Courtesy Centers for Disease Control and Prevention
A tiny gene sequencing chip can help to identify the DNA of a virus in just three hours, compared with what previously took months.

Many public health experts see the Centers for Disease Control and Prevention as the premier disease detection agency not just for the United States but for the entire planet.

Yet when it comes to employing the fastest and most precise method of spotting outbreaks of illness, the CDC is no longer at the cutting edge — and won’t be for years. Centers for Disease Control and Prevention Director Thomas Frieden along with public health and provider groups want to turn that around by investing in a sophisticated technology called “advanced molecular detection” that determines the genetic map of the viruses, bacteria and parasites that cause disease.

The effort began paying off early this year. Appropriators for the first time in several years decided to rewrite Labor-HHS-Education spending provisions. In doing so, they included $30 million for the AMD technology in the omnibus spending measure funding the government through the end of fiscal 2014.

But Frieden must still persuade lawmakers to continue such annual funding for the five-year program for four more years. And he’ll be doing it even as he seeks additional funds for other programs.
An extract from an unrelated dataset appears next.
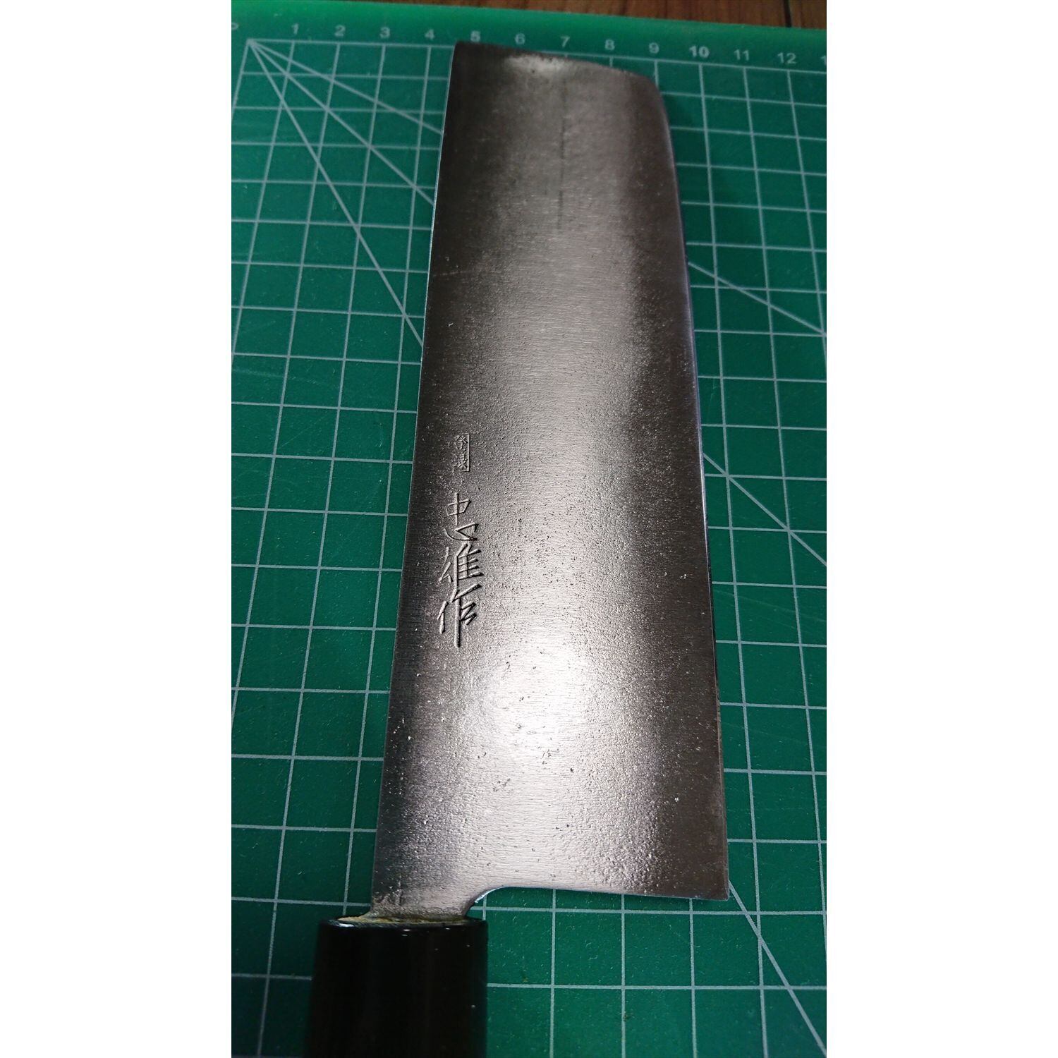 1. o1316/銘:忠雄作/菜切包丁(両刃)/刃長:165/峰厚 アゴ上:2.1/重量:105/作り:鋼?/他:柄は当社にて新品と交換済み

The Atlanta-based CDC director was in Washington last week to help present the administration’s fiscal 2015 budget proposal.

Advocates make the case that without action to boost U.S. technology to combat dangerous diseases, there will be more patients to treat who didn’t need to get sick, more lives needlessly lost and health spending that didn’t have to occur. It also means a loss of income to families and businesses that could have been avoided.
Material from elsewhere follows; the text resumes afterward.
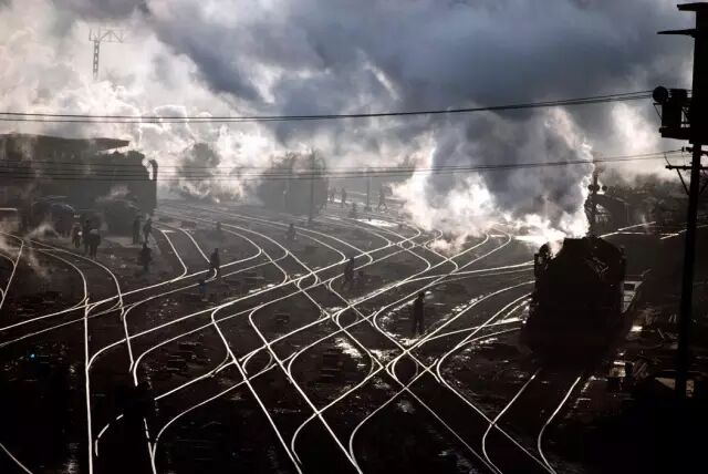 1981年,黑龙江,哈尔滨。哈尔滨火车站的蒸汽。因为中国有大量的煤炭供应,所以大多数火车都是由蒸汽驱动。

And the lag in technology is coming at a bad time, Frieden said during an interview — just as a retreat is under way in the great medical advances against infectious disease.

Deadly bacteria are becoming increasingly resistant to antibiotics with no quick way to know how widely that is occurring, Frieden said. That includes a strain called “the nightmare bacteria,” he said.

It’s a bacteria that’s resistant to just about all antibiotics and spreads diseases not only among the same organisms but jumps from species to species, said Frieden. Antibiotic resistance “threatens to take routine infections and make them untreatable,” he warned.

Advanced molecular detection is seen as key. As part of President Barack Obama’s fiscal 2015 budget proposal, Frieden wants to widen the impact of the technology and to improve protection against antibiotic resistance and other disease outbreaks in a variety of other ways through a new “global health security” initiative.

The sums involved aren’t major — and the threats they address are. But in an era of competing budget demands and tight caps on discretionary spending, there’s no certainty he’ll get the money.